Let us fix a decision tree `T` for arrays of size `N`. There are `N!` different permutations of size `N`. We can think of such a permutation as an array of size `N` filled with the integers from `1` to `N` without duplicates. Let `P1` and `P2` be two different such permutations/arrays, and define the array `Q` as
```Q[i] := min(P1[i], P2[i])
```
The array `Q` contains duplicate entries. In fact, let `m` be the smallest number that appears at different positions in `P1` and `P2`. Then `m` appears twice in `Q`.

As a consequence, the computation for `Q` must end in a YES-leaf of `T`, while `P1` and `P2` must lead to NO-leaves. What if `P1` and `P2` lead to the same NO-leaf `N`? Let `V` be a node on the path to `N`, and let us say that `i` and `j` are the array indices that are compared at the node `V`. Then the comparison `P1[i]` vs. `P1[j]` has the same result as the comparison `P2[i]` vs. `P2[j]`. But then, by the definition of `Q`, the comparison `Q[i]` vs. `Q[j]` also has the same result. This means that the computation for `Q` must also follow the same path and end in a NO-leaf! That is clearly a contradiction, and so we can conclude that the computations for `P1` and `P2` must end in different NO-leaves. Hence, the decision tree `T` must have at least `N!` NO-leaves, and this completes the proof.

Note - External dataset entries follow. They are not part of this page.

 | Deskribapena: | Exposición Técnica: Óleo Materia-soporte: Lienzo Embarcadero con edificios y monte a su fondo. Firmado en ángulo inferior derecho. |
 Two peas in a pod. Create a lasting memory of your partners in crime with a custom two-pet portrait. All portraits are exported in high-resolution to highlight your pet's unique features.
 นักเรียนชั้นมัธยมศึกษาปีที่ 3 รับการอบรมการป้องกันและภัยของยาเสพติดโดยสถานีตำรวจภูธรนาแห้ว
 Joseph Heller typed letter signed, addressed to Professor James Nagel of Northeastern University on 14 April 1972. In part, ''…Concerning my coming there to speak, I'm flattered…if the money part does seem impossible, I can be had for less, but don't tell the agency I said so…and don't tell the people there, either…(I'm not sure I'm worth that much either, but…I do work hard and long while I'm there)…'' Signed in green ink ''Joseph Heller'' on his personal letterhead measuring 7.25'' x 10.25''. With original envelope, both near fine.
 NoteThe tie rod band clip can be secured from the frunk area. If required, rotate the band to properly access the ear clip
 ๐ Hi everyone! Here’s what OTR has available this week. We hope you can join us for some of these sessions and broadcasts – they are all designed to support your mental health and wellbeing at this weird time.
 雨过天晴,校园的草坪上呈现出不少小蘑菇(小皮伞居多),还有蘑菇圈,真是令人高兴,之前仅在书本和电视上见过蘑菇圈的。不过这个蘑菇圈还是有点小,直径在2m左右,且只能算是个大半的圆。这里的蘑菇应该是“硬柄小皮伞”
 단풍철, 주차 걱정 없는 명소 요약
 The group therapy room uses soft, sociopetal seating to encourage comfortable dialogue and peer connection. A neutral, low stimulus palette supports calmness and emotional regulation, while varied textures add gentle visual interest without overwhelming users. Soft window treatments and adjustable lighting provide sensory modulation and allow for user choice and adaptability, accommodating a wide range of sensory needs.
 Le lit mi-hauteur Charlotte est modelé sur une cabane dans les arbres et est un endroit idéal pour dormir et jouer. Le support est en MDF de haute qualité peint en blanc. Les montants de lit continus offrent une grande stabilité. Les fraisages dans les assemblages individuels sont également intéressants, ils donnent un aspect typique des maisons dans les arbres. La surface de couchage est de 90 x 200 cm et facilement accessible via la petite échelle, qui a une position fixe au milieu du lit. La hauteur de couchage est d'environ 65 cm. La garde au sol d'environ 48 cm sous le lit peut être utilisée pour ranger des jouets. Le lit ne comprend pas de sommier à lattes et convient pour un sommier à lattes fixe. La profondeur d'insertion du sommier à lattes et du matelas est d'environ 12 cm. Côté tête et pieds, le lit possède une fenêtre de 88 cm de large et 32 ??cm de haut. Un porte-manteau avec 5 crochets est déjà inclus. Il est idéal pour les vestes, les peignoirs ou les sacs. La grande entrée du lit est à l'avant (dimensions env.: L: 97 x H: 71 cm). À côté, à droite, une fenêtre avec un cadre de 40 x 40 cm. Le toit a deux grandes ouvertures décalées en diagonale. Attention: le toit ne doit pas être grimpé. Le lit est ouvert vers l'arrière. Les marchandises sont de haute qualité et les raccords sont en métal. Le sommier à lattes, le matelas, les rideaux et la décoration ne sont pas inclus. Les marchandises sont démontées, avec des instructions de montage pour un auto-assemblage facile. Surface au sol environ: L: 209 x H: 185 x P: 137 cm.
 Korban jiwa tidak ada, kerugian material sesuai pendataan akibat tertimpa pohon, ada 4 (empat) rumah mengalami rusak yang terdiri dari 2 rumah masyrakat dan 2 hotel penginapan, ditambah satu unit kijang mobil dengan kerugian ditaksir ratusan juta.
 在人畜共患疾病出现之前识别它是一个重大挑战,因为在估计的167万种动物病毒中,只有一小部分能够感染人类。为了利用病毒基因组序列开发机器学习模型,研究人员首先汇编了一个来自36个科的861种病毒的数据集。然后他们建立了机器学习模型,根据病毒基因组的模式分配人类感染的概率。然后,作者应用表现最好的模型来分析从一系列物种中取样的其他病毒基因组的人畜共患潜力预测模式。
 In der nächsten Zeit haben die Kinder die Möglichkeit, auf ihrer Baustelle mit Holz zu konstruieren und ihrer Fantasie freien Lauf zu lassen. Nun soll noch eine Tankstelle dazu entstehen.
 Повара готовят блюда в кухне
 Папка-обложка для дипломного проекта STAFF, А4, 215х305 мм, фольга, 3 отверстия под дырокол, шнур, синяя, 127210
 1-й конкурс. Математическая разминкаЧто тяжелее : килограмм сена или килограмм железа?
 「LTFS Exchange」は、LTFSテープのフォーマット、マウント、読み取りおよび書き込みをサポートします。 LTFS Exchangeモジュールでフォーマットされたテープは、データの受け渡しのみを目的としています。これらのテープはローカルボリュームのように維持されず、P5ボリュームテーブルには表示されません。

So, to summarize up to this point: As long as we can only compare array elements, no algorithm can beat the running time of `O(N log N)` that a simple sort followed by a linear scan offers. However, this isn't the end of the story.

Suppose you have a universal family of hash functions for the type of elements in the array (and indeed, such families are not too difficult to construct). That is, suppose you can randomly choose a hash function `h:U -> [m]`, with `m` within a constant factor of `N`, such that for different array elements `A[i]` and `A[j]` you know that the probability of a hash collision is low:
```Pr[h(A[i]) = h(A[j])] <= 1/N
```
Note that if the guarantee is slightly weaker, e.g. a bound of `2/N` on the probability of a collision, the following argument will still work with only minor modifications to the constants in the computations.

We will now follow a simple strategy: Build a hash table of the elements of `A` according to `h`. Since equal elements will be hashed into the same bucket, it is then sufficient to check for duplicate elements within each bucket by sorting and a linear scan, or by an even simpler quadratic check.

What is the running time of this approach? If `b(i)` is the number of array elements mapped into the `i`-th bucket, then even the running time of the simple quadratic check can be bounded by
```sum(b(i)2, i=1..m),
```
which is exactly the number of hash collision pairs:
```sum(b(i)2, i=1..m) = #{ (i,j) : h(A[i]) = h(A[j]) } = N + #{ (i,j) : i != j, h(A[i]) = h(A[j]) }
```
The expected cardinality of the last part is bounded by the number of pairs `(i,j)` with `i != j` times our bound on the probability that a pair results in a hash collision. This product is `N-1`. That is, the expected running time of the algorithm we have outlined is linear.

Observe that we must choose the hash function randomly for this approach to work. If we were to use a fixed, deterministic hash function, then an adversary could construct an array in which all elements hash to the same bucket (using the pigeonhole principle and assuming that the universe `U` of possible array elements is large enough). We would be back in the case where only comparisons are allowed, and hence a linear running time is impossible.

So we see that the combination of hashing and randomness, in the form of universal hashing, allows us to solve the original problem in a running time that is asymptotically better than what is achievable using deterministic algorithms.